The women represented from behind, alone or in groups, at rest or standing, are characterised by the compositional discipline and style typical of the Etruscans art and by the structural harmony that Campigli had discovered in Paris with Picasso and Léger. The figures are linked by their gaze turned to the horizon, towards the sea, outlined in the distance by a line of deep blue, and they are placed on a large section of beach, a rough and undefined timeless space, painted in soft tones, sometimes raised by chromatic accents. The depiction is undoubtedly influenced by a pleasant childhood memory, as the painter himself writes: "My little umbrellas come from a childhood memory. I see myself sitting in a garden next to my mother and she reveals to me - to my amazement - how easy it is, while sitting, to draw a small umbrella on the ground in the gravel with the tip of the parasol".

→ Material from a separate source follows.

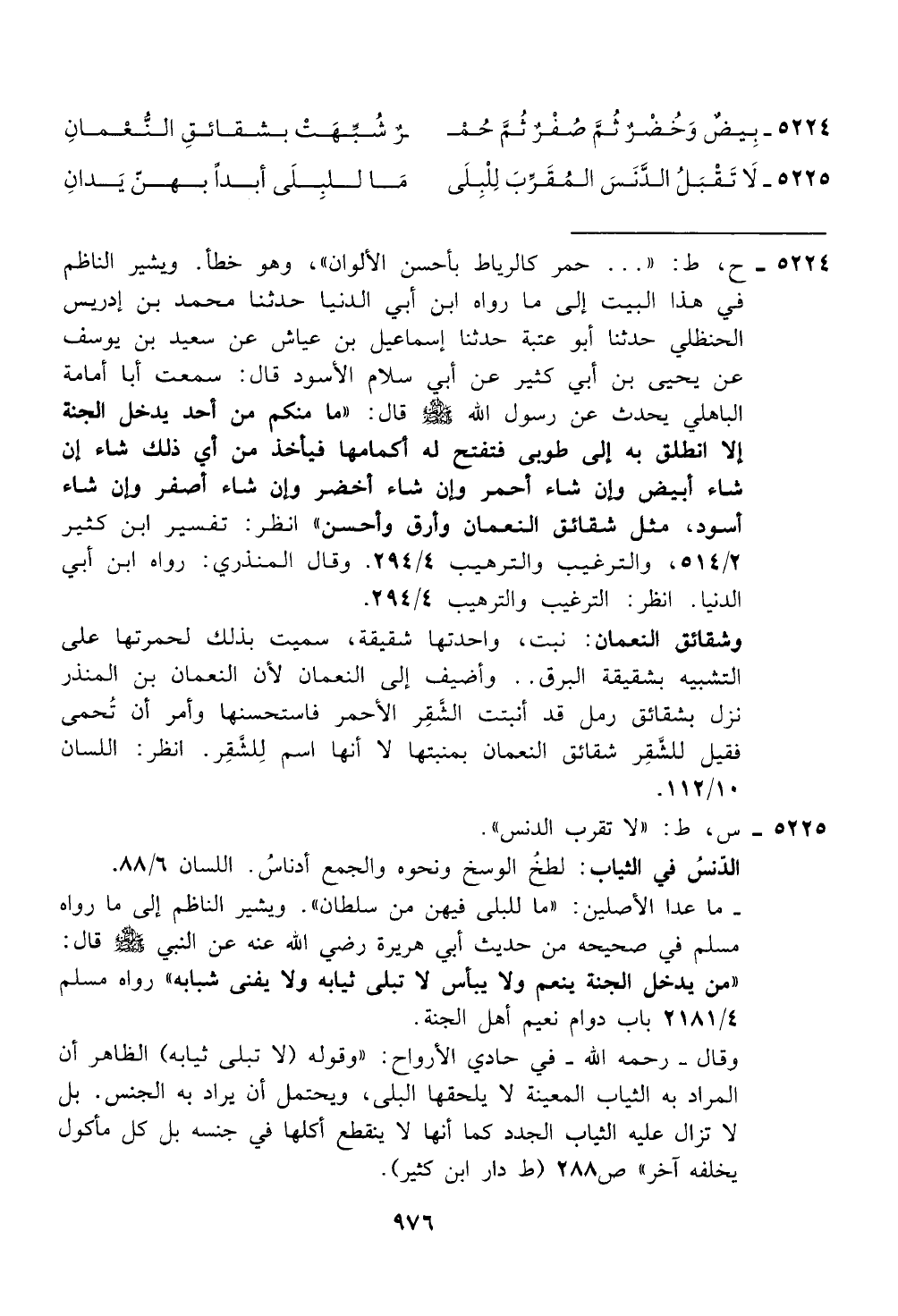 وقال - رحمه الله - قي حادي الأرواح: "وقوله الا تبلى ثيابه) الطاهر ا ن

The painting was presented to the public on the occasion of the II Quadriennale d'Arte in Rome in 1935 and was then purchased by the Governatorate for the municipal collections, confirming the artist's success on the national scene. After starting out as a writer and journalist, Campigli began painting as a self-taught artist, exhibiting at the Salon d'Automne in Paris in 1921 and later joining the Novecento group. His archaic and geometric painting interprets the season of the "return to order" in a completely original way and is translated into a poor palette, mainly made up of earth, and a deliberately opaque and chalky finish, which gives the paintings a certain "fresco air".